3- O livro foi composto e impresso pelo próprio em Ruão, sem indicação do autor, em língua castelhana e indicando Pamplona como local de impressão. Logo de seguida foram feitas publicações em italiano, francês e alemão. Ficou mais conhecido pelo título da edição francesa: O Político Cristianíssimo… A primeira edição em língua portuguesa aconteceu 364 anos depois, graças ao insigne historiador da questão “judaica, marrana e sefardita” o trasmontano António Borges Coelho, com chancela da Editorial Caminho, Lisboa, 2008.
4-ANTT, inq. Lisboa, pº 7794, de Manuel Fernandes Vila Real.
5-ROTH, Cecil – Les Marranes à Rouen, in: Révue des Études Juives, p. 134: - Parmi les accusations qui furent cause de sa mort, il en est une que dirigea contre lui Fra Francisco de Santo Agostinho, celle d´avoir accoutumé de rejoindre sa femme à Rouen chaque année pour célébrer Pàque ensemble.

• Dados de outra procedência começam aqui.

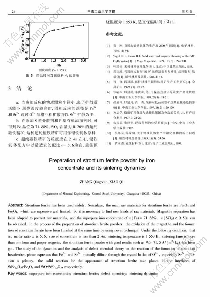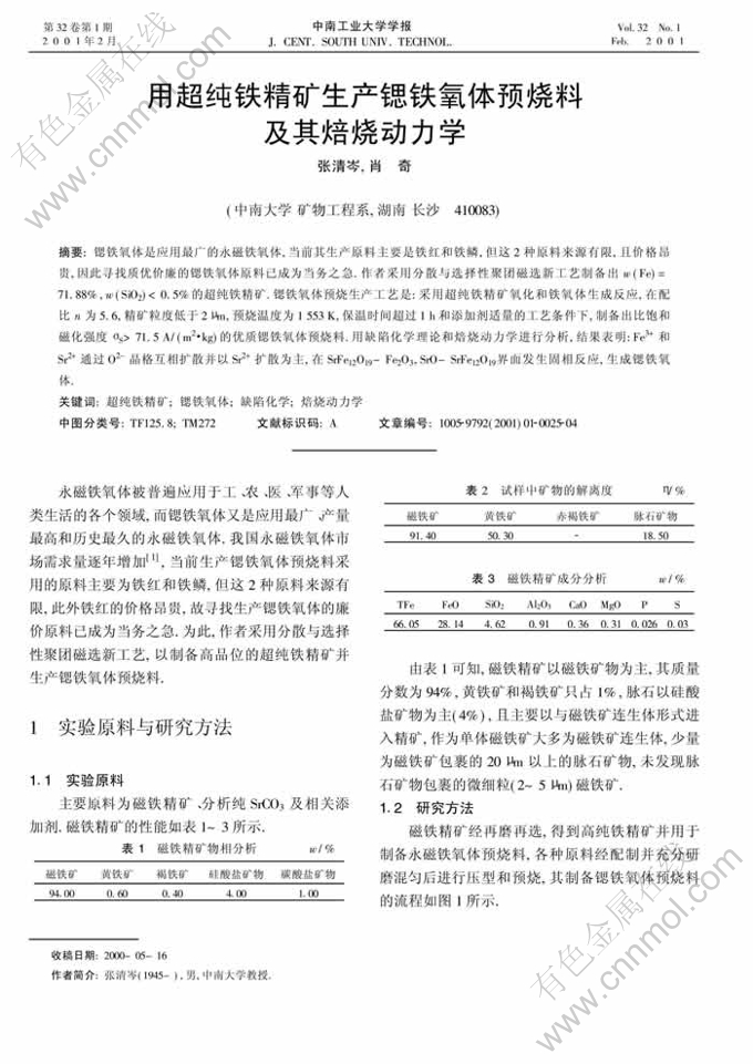 关键词:超纯铁精矿;锶铁氧体;缺陷化学;焙烧动力学

A respeito de sua mulher deve dizer-se que abandonou a França e se foi para Itália com a filha, quando o marido foi preso. E temos notícia de um filho, chamado José Vila Real que, em 1670 recebeu autorização do “Rei Sol” para se estabelecer em Marselha, juntamente com seu cunhado Abrão Athias e suas famílias. E eles criariam a maior empresa comercial da cidade. Por 1695 José Vila Real era professor de Grego na dita cidade, autor do livro “A Escada de Jacob”– LÉVY, Lionel – La communauté juive de Livourne.
6-ANDRADEe GUIMARÃES – Na Rota dos Judeus Celorico da Beira, ed. câmara municipal, Celorico da Beira, 2015,pp. 91-95.

Bibliografia:
ALMEIDA, A. A. Marques de – Dicionário Histórico dos Sefarditas Portugueses. Mercadores e gente de Trato, Campo da Comunicação, lisboa, 2009.
COELHO, António Borges – Cristãos-Novos Judeus e os Novos Argonautas, ed. Caminho, pp. 151 – 171, Lisboa, 1998.
SILVA, Inocêncio F. da – Declaração que faço eu Manuel Fernandes Vila Real, cristão-novo, preso neste cárcere do Santo Ofício, in: Dicionário Bibliográfico Português, Lisboa, Imprensa Nacional Casa da Moeda, 1973, tomo XVI, p. 190.
VILA REAL, Manuel Fernandes – Epítome Genealógico do Eminentíssimo Cardeal Duque de RIchelieu e Discursos Políticos sobre Algumas Acções da Sua Vida. Edição de António Borges Coelho, Editorial Caminho, Lisboa, 2005.